At least it hadn't been raining. I would have been axle-deep in mud if it had. Anyway, I was drivin' real slow. It was dark as pitch. It was either cloudy as all get out or a new moon. I dunno. The night just seemed to close in on me. I was afraid I'd have a panic attack. It just felt so dark and claustrophobic in the front seat of that car.

I swear I had my high beams on, but they didn't seem much brighter than a candle's flame. It was like a fog of black just ate up the light and made it hard to see. Felt like I was driving through crude oil.
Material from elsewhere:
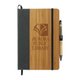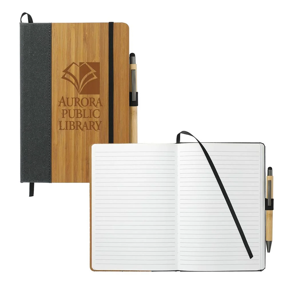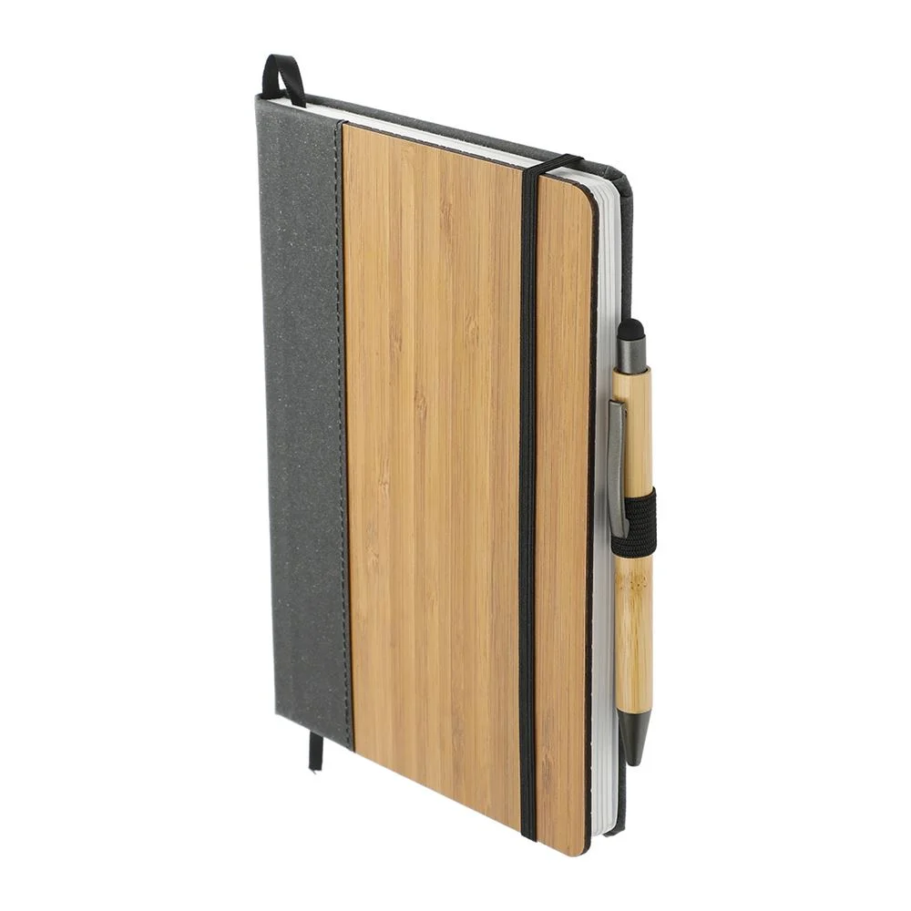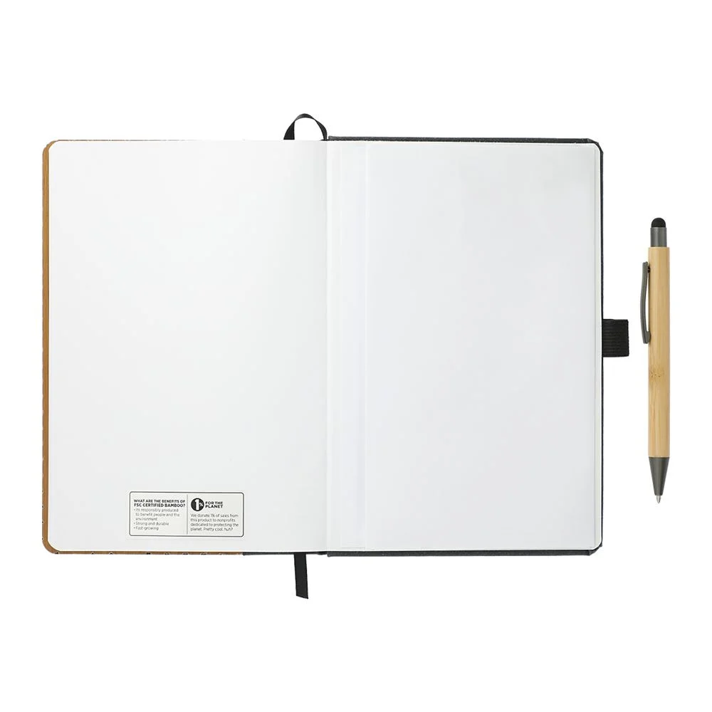• Journalbook: Unique FSC®-certified bamboo cover with recycled leather accent; 80 sheets of recycled, white, lined paper; Elastic closure, ribbon page marker, and elastic pen loop

I was making the turnoff onto the hard-surface road out of the parking lot when I saw it. I don't know what it was. It was tall, like Button, dressed in black. It had a black hood just like the one Button wore. It was shiny. Real shiny. That's what I noticed first. All black and shiny.

I was blinded for a second by the glare the outfit threw from my high beams. It had a white face. I saw that much. Well, the neck at least. I didn't see the features. It had a black cloth over its face with eye holes cut out. It stood by the road and spread its arms.

I was so scared! I screamed bloody murder. Right in the car. I don't know how I kept from wettin' my britches, but I did. 

I floored the gas pedal and squalled rubber and beat the bushes for the hard-surface road. I was speeding all the way down the mountain. I'm lucky I didn't wrap that car around a tree. But I made it home. I was never so happy to see my driveway in all my life! I ain't never been so frightened in all my life neither!"

"You were still shaken from seeing Dara Elanor," said Hadley, "in the parking lot at Sadie's."

"You still don't believe me," said Lou Edna. "Well, how do you explain this? Is this a figment of my imagination, too?"

Lou Edna handed Hadley a piece of folded butcher paper. Hadley opened it up. Inside was a chicken bone with a red string tied to one end.

"It was tied to a light fixture near my door. Blood-red powder was all over my steps, too," said Lou Edna.

"Lou," Hadley said, "it looks like you made somebody around here awfully mad."